### [TASK REQUIREMENTS]
With pictures left out, please repeat word for word the lines from the one containing "Unheated Pear Fire" through the end of the records.

### [PROVIDED ENTRIES]
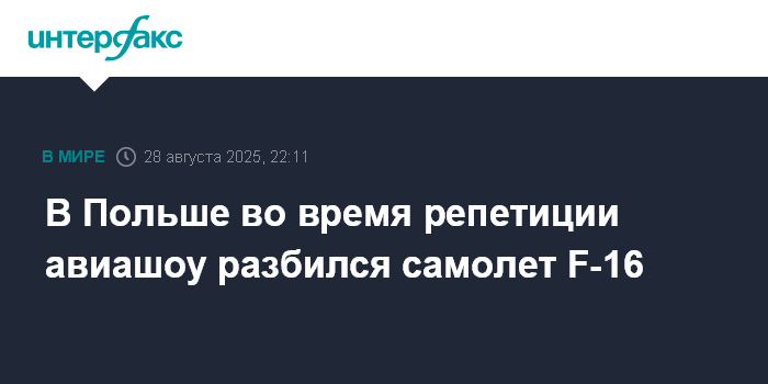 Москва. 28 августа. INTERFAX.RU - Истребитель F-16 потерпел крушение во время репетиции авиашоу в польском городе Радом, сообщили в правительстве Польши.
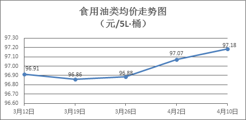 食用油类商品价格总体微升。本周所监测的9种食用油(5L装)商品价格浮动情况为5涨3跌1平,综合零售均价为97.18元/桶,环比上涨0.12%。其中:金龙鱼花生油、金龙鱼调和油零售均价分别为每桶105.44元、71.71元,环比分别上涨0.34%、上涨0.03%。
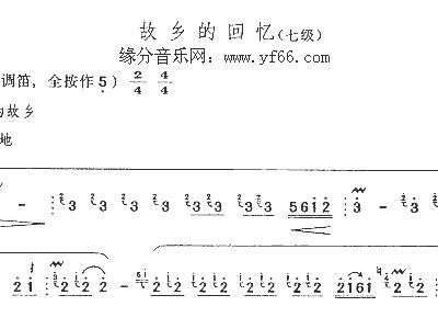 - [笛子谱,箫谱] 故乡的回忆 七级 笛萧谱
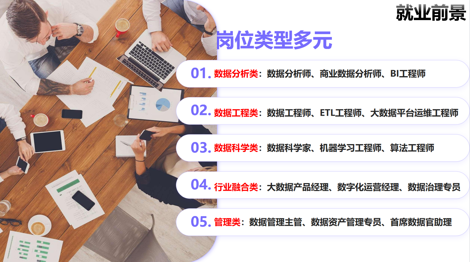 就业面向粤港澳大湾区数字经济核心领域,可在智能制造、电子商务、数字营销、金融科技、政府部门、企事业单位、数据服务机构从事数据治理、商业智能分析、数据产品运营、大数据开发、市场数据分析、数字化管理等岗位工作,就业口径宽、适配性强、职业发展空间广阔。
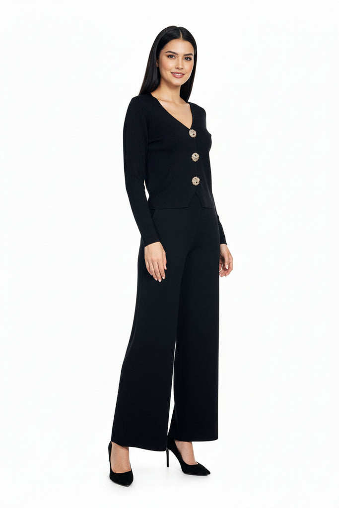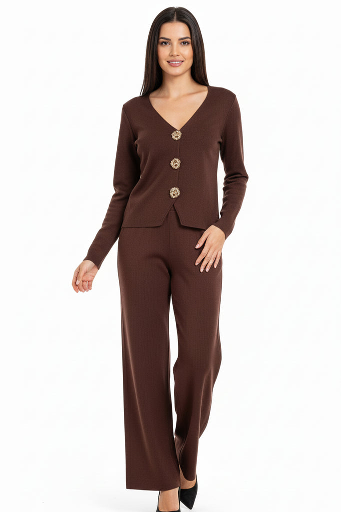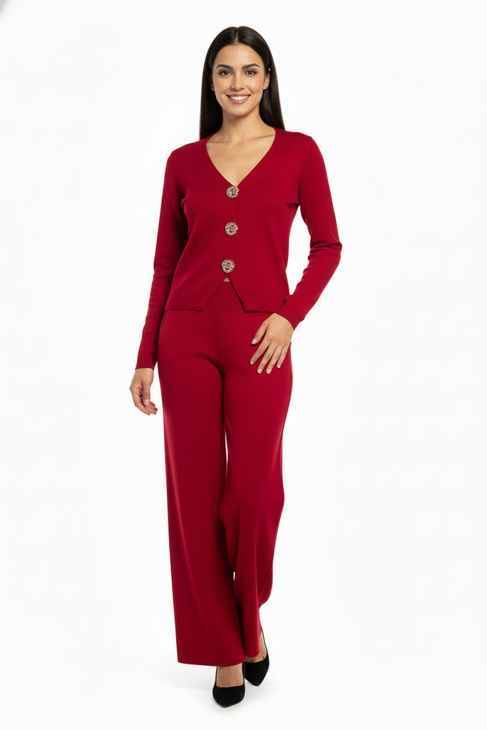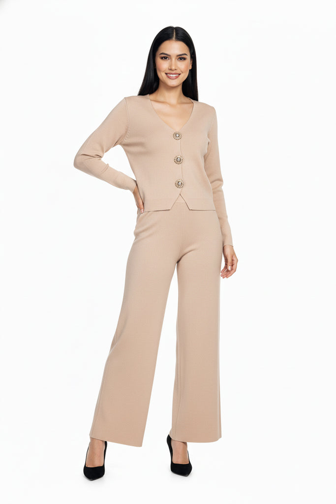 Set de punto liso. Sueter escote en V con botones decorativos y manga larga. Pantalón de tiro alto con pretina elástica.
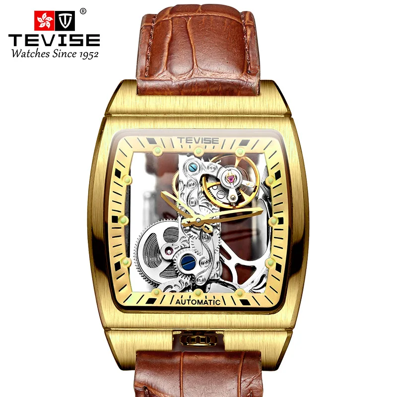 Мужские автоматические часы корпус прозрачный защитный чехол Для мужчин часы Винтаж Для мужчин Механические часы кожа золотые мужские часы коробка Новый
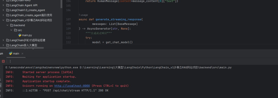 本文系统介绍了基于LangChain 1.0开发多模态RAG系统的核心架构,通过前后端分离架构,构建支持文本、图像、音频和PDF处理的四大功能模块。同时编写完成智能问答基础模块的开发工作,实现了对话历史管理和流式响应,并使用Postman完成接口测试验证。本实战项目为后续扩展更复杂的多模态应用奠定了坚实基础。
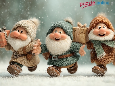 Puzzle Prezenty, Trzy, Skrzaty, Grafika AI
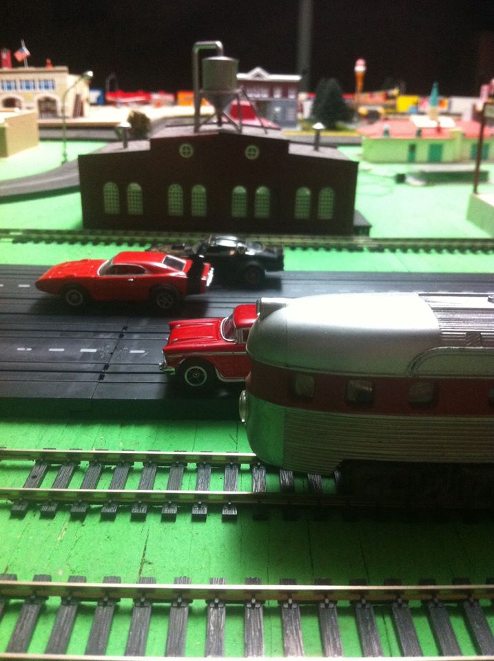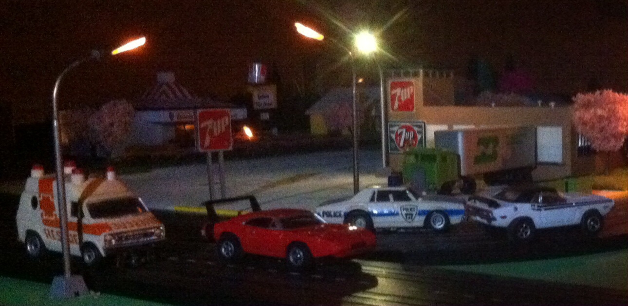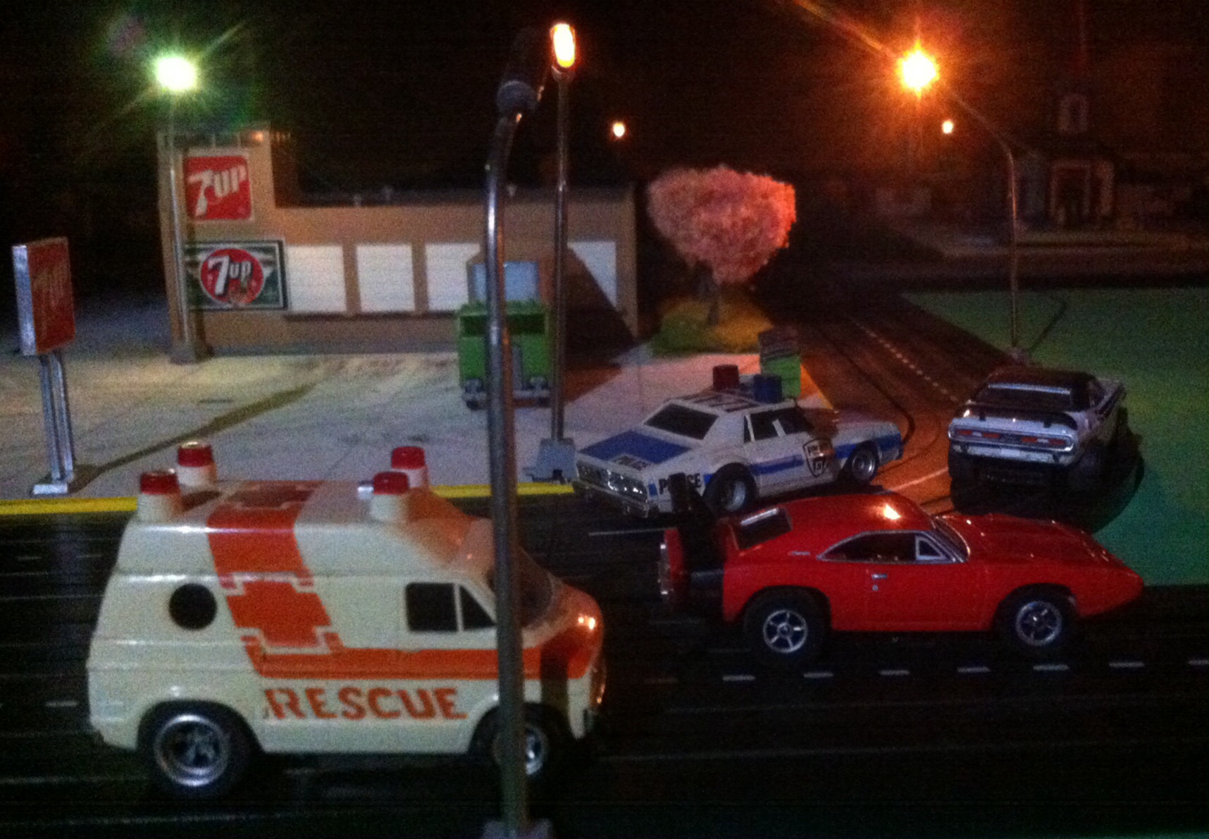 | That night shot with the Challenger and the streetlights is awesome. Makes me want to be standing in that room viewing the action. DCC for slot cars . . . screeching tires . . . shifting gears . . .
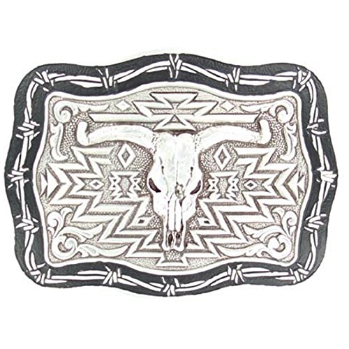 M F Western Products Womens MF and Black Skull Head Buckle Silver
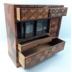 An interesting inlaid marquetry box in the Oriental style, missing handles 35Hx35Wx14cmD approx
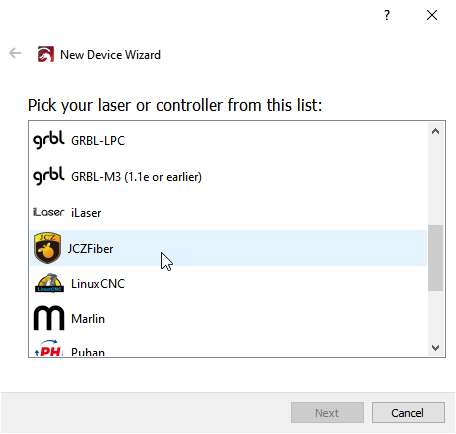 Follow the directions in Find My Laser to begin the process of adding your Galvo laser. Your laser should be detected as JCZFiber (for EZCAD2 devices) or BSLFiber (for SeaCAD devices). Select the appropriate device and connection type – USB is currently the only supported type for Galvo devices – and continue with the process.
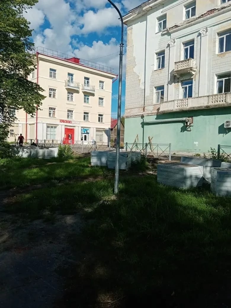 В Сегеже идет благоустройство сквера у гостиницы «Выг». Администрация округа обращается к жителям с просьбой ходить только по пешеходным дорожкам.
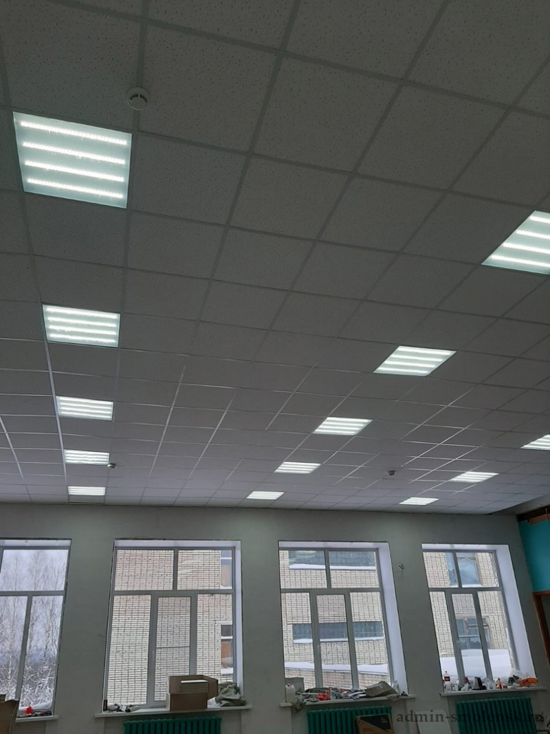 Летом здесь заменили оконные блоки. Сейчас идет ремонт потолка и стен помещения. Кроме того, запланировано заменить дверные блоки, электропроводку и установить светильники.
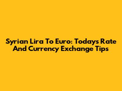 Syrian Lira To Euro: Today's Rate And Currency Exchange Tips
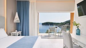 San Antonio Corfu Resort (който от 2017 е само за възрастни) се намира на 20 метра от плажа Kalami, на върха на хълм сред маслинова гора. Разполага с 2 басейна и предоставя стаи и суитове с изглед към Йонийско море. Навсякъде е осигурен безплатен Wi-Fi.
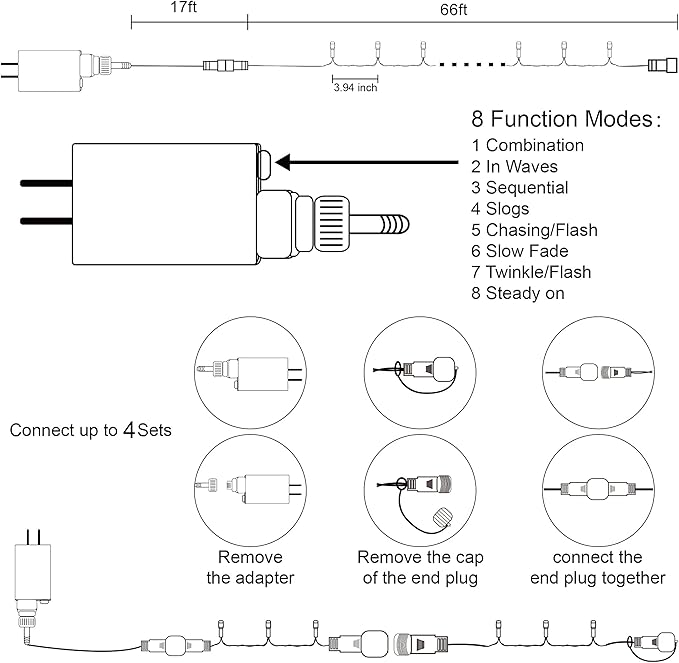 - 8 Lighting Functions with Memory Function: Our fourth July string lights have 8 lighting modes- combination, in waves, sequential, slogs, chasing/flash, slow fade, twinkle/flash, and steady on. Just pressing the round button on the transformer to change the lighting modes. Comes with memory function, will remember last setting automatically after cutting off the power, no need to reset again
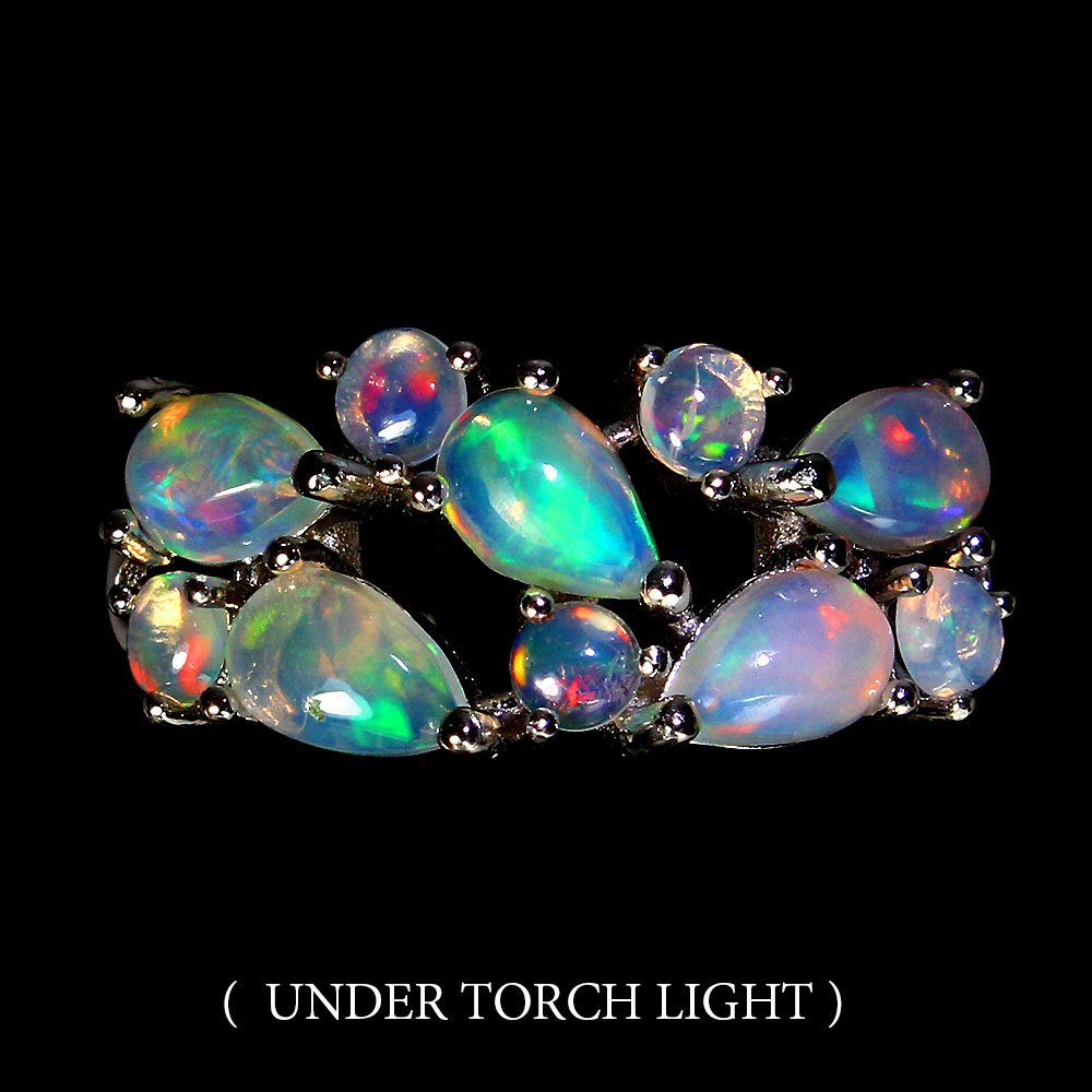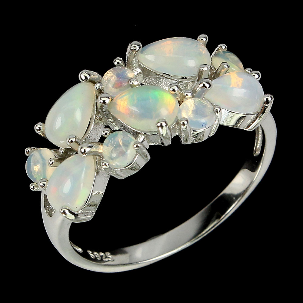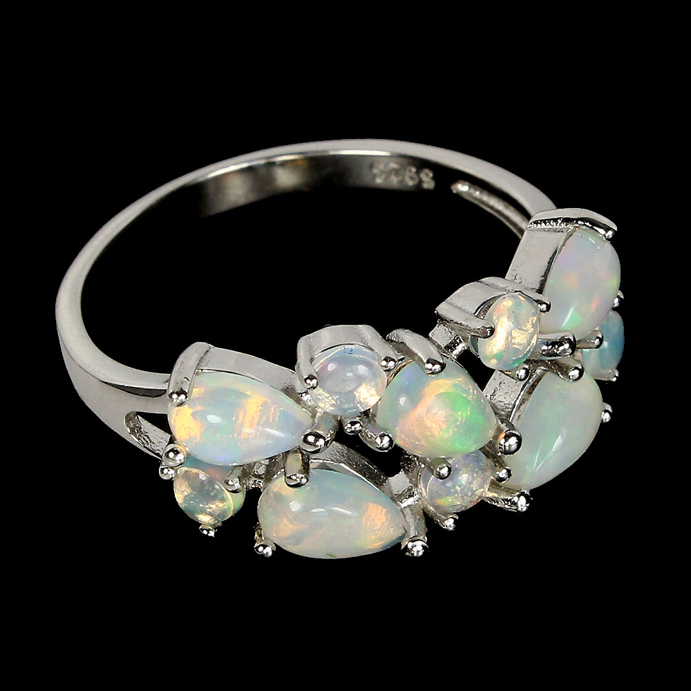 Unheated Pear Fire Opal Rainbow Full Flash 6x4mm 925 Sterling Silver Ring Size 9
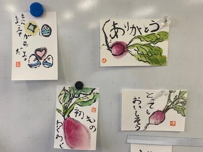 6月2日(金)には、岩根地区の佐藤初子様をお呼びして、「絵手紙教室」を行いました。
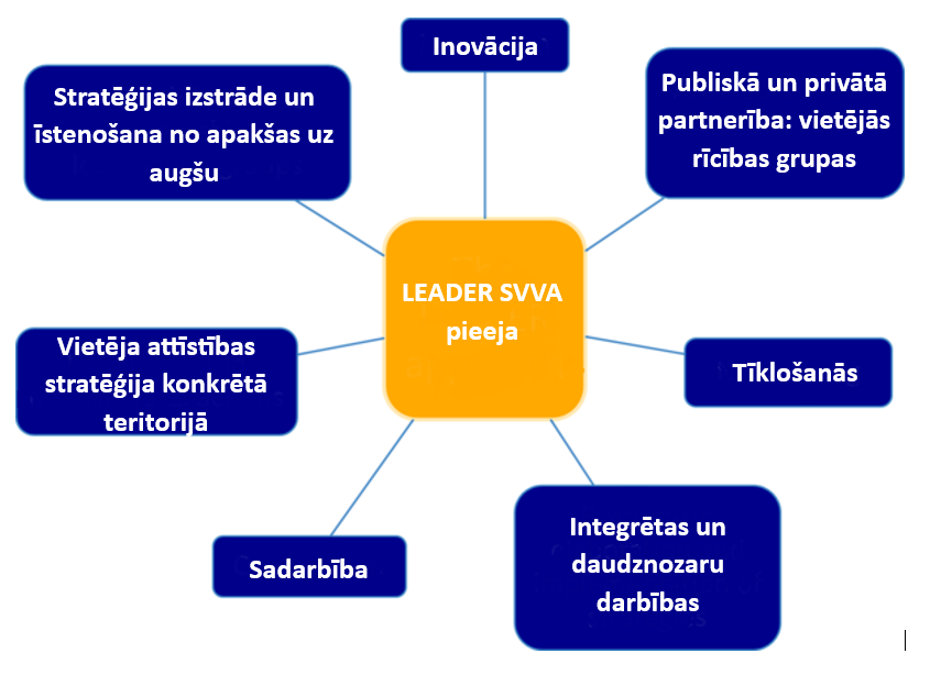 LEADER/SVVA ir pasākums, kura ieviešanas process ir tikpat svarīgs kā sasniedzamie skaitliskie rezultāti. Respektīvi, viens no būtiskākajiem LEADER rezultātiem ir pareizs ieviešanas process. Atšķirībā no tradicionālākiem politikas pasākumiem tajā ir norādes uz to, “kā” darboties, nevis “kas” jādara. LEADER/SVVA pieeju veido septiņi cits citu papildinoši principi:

### [EXERCISE ANSWER]
 Unheated Pear Fire Opal Rainbow Full Flash 6x4mm 925 Sterling Silver Ring Size 9
 6月2日(金)には、岩根地区の佐藤初子様をお呼びして、「絵手紙教室」を行いました。
 LEADER/SVVA ir pasākums, kura ieviešanas process ir tikpat svarīgs kā sasniedzamie skaitliskie rezultāti. Respektīvi, viens no būtiskākajiem LEADER rezultātiem ir pareizs ieviešanas process. Atšķirībā no tradicionālākiem politikas pasākumiem tajā ir norādes uz to, “kā” darboties, nevis “kas” jādara. LEADER/SVVA pieeju veido septiņi cits citu papildinoši principi:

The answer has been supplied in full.